(Records excerpted from a collection)
━━━━━━━━━━━━━━━━━━━━

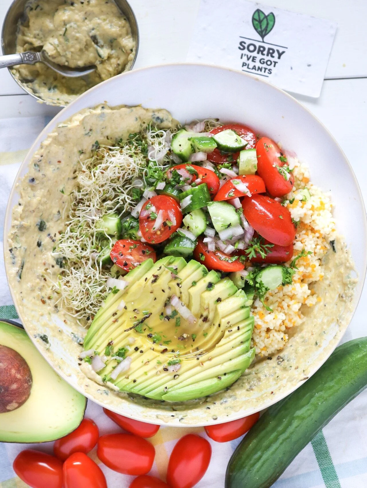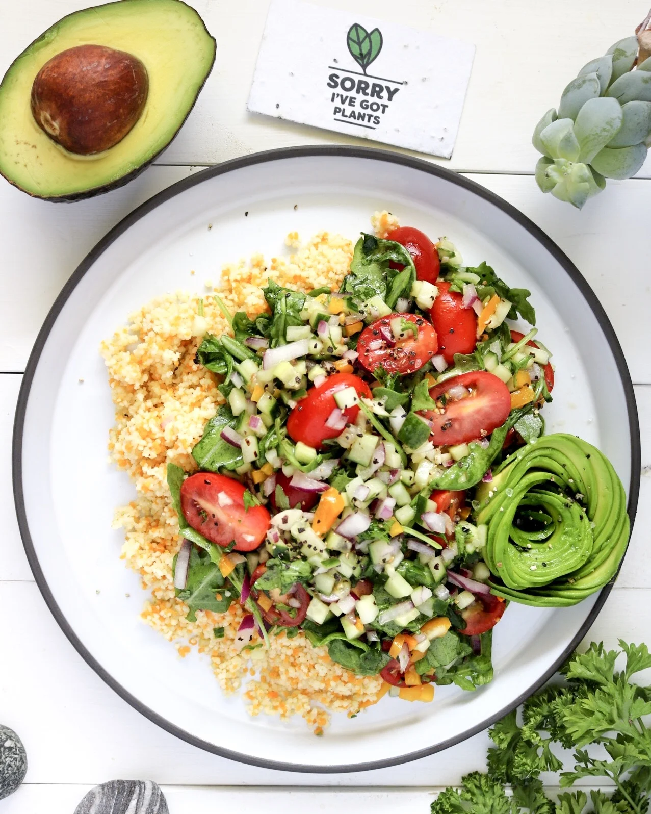 israeli salad + avocado & tri coloured cous cous
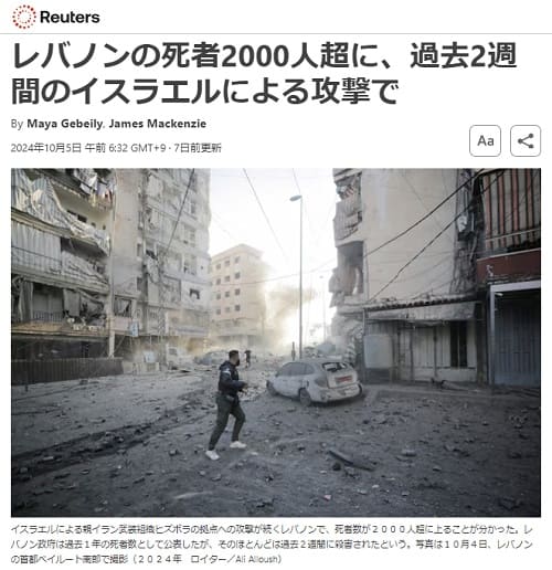 しかし、イスラエルはミサイルや無人ドローンで、首都ベイルートを空爆しているのは事実のようです。また、パレスチナのガザへの攻撃も限定されており、ウクライナのように欧米諸国からの支援を受けるために時間稼ぎをしている可能性があります。
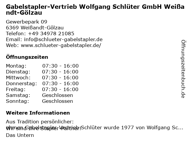 Branchen & Suchbegriffe zu Gabelstapler-Vertrieb Wolfgang Schlüter GmbH Weißandt-Gölzau:flurförderzeuge, gabelstapler, gölzau, material handling, materialtransport, schlüter, stapler, toyota, vertrieb, weißandt, wolfgang |
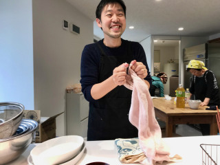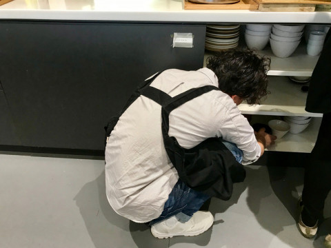 オカムラさんは、エプロンのボタンもかけず、皿を運ぶ力仕事をもくもくとやっておられました。
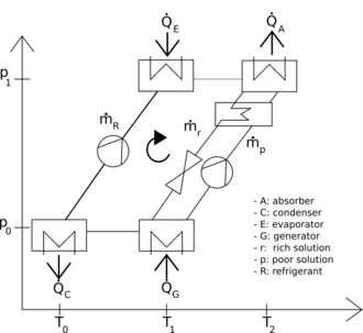 For the absorption heat pump circulation, the absorber, generator and pump can be regarded as a "thermal compressor". The absorber is equivalent to the inlet side of the compressor, and the generator is equivalent to the outlet side of the compressor. The absorbent can be regarded as a carrier liquid that transports the generated refrigerant gas from the low-pressure side of the cycle to the high-pressure side.[5]
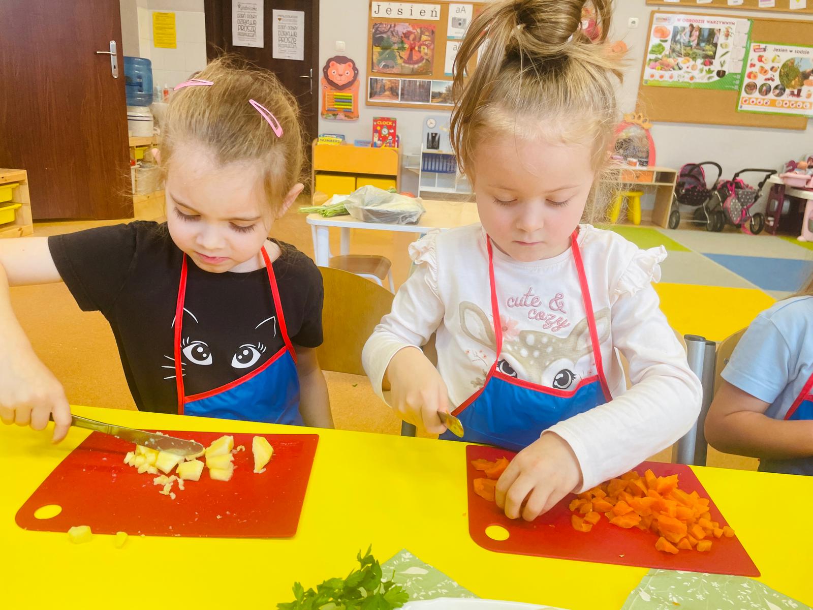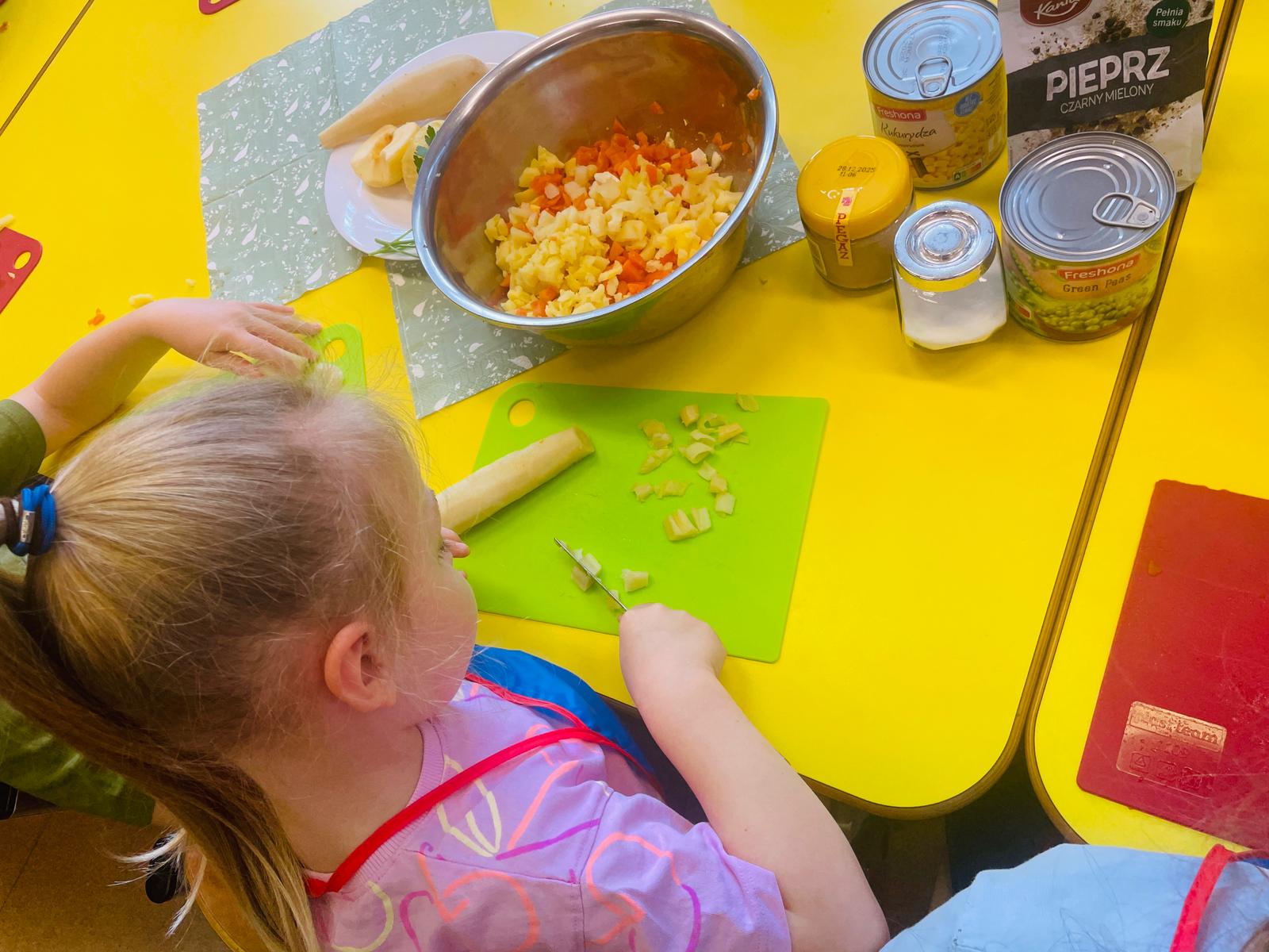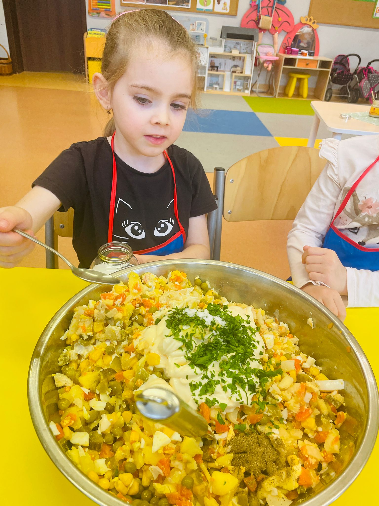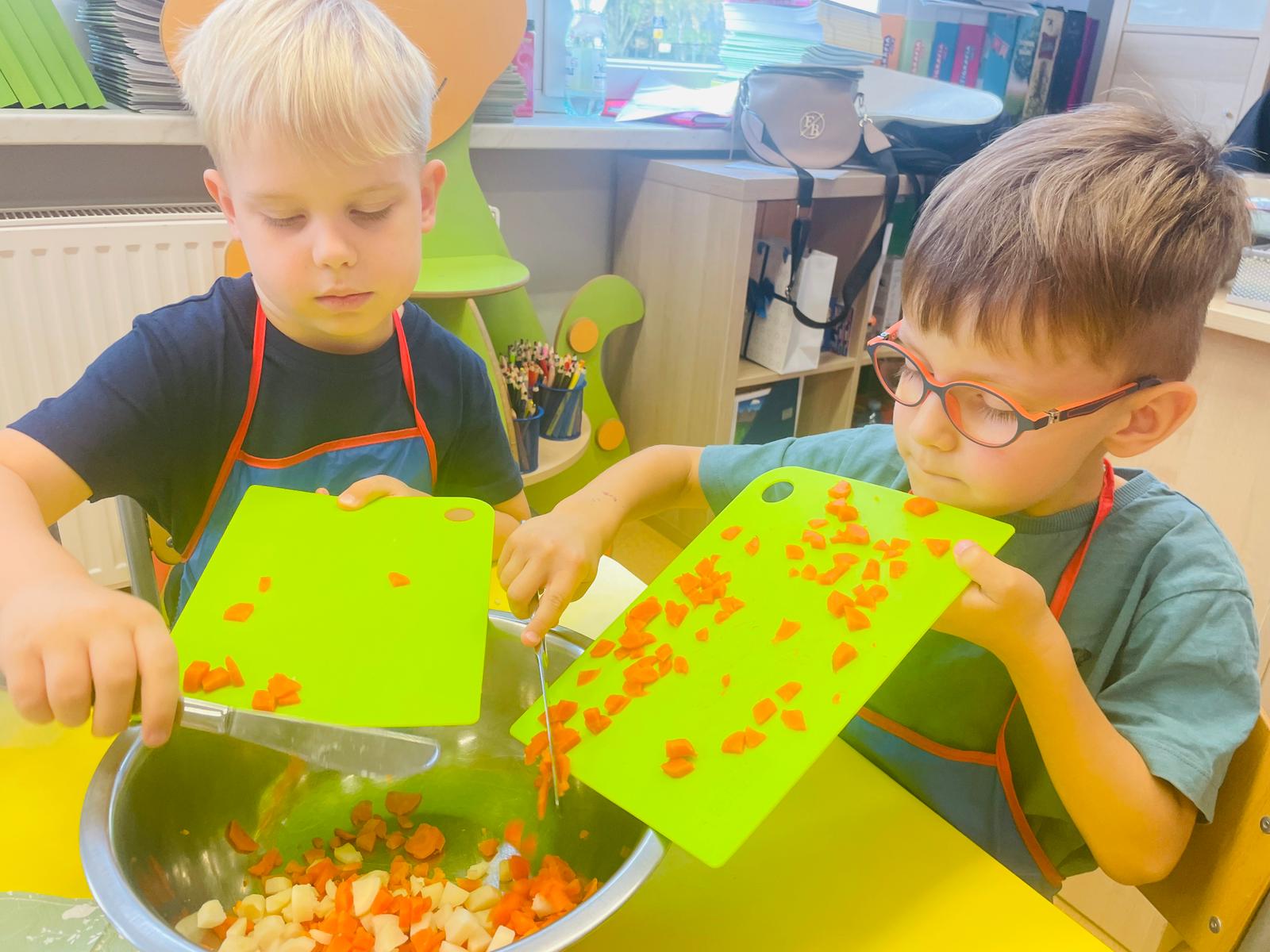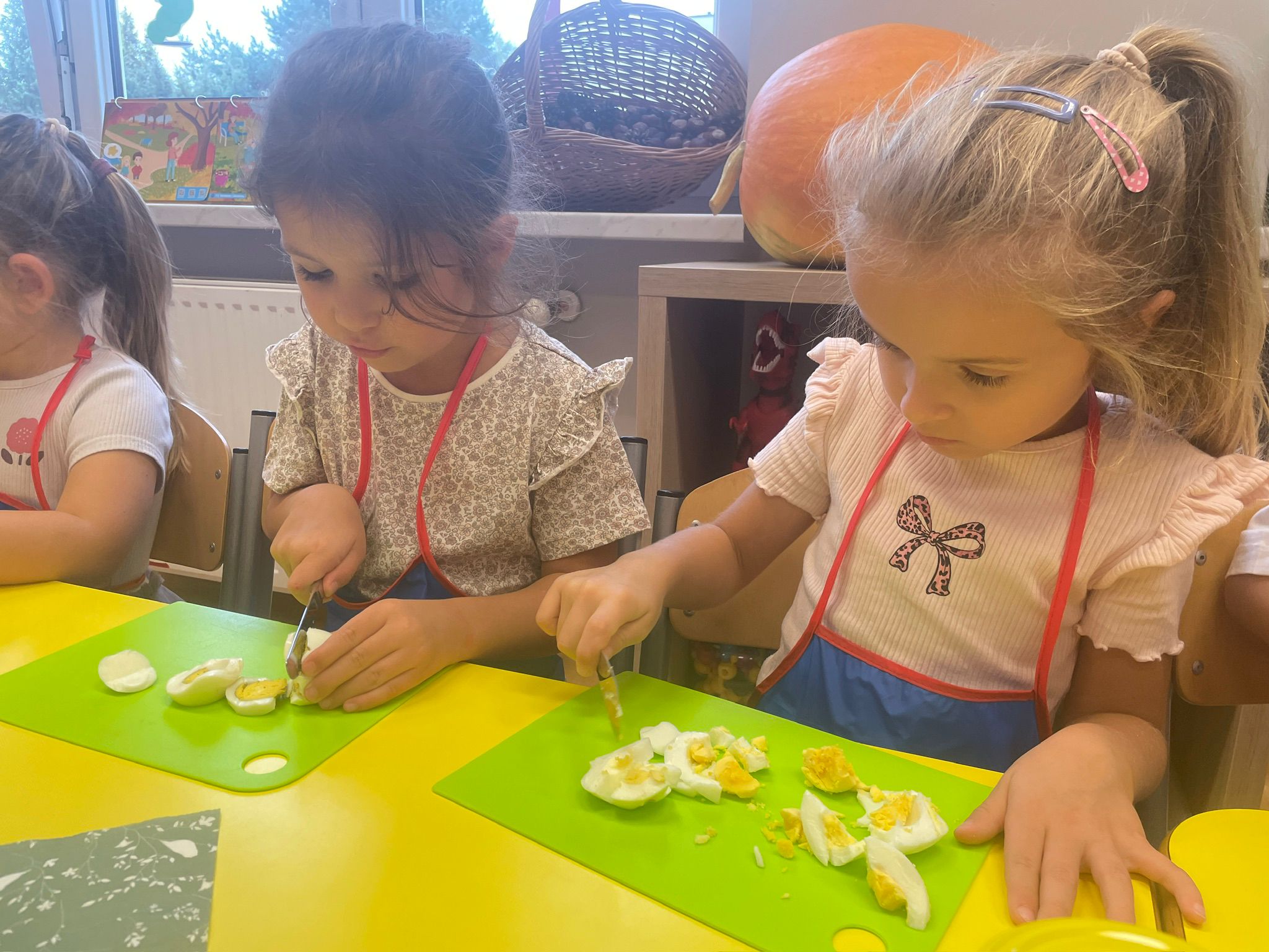 Jesień wielu kojarzy się z deszczową pogodą i szarugą. Ale w naszym przedszkolu udowodniliśmy już wiele razy, że ta pora roku potrafi być również niezwykle kolorowa. A co, jeśli kolory miałyby również smak i zapach? Realizując projekt edukacyjny „Smaki jesieni” , podczas jesiennych atrakcji kulinarnych w gr. XI przedszkolaki sprawdziły, że kolorowe warzywa i owoce, również te sezonowe, smakują i pachną wyśmienicie. Szczególnie jeśli się je ze sobą połączy. Wszyscy podkreślaliśmy walory zdrowotne owoców i warzyw. W ten oto sposób powstały zdrowe sałatki pełne pięknych barw, które przedszkolaki mogły samodzielnie spałaszować.

━━━━━━━━━━━━━━━━━━━━

▶ **INSTRUCTIONS TO FOLLOW**: Each line from the first line of the records through the line containing "オカムラさんは、エプロンのボ" must be reproduced exactly, with both ends included and all pictures omitted; nothing else belongs in the answer.

▶ **RESULT FOR THIS EXERCISE**:
 israeli salad + avocado & tri coloured cous cous
 しかし、イスラエルはミサイルや無人ドローンで、首都ベイルートを空爆しているのは事実のようです。また、パレスチナのガザへの攻撃も限定されており、ウクライナのように欧米諸国からの支援を受けるために時間稼ぎをしている可能性があります。
 Branchen & Suchbegriffe zu Gabelstapler-Vertrieb Wolfgang Schlüter GmbH Weißandt-Gölzau:flurförderzeuge, gabelstapler, gölzau, material handling, materialtransport, schlüter, stapler, toyota, vertrieb, weißandt, wolfgang |
 オカムラさんは、エプロンのボタンもかけず、皿を運ぶ力仕事をもくもくとやっておられました。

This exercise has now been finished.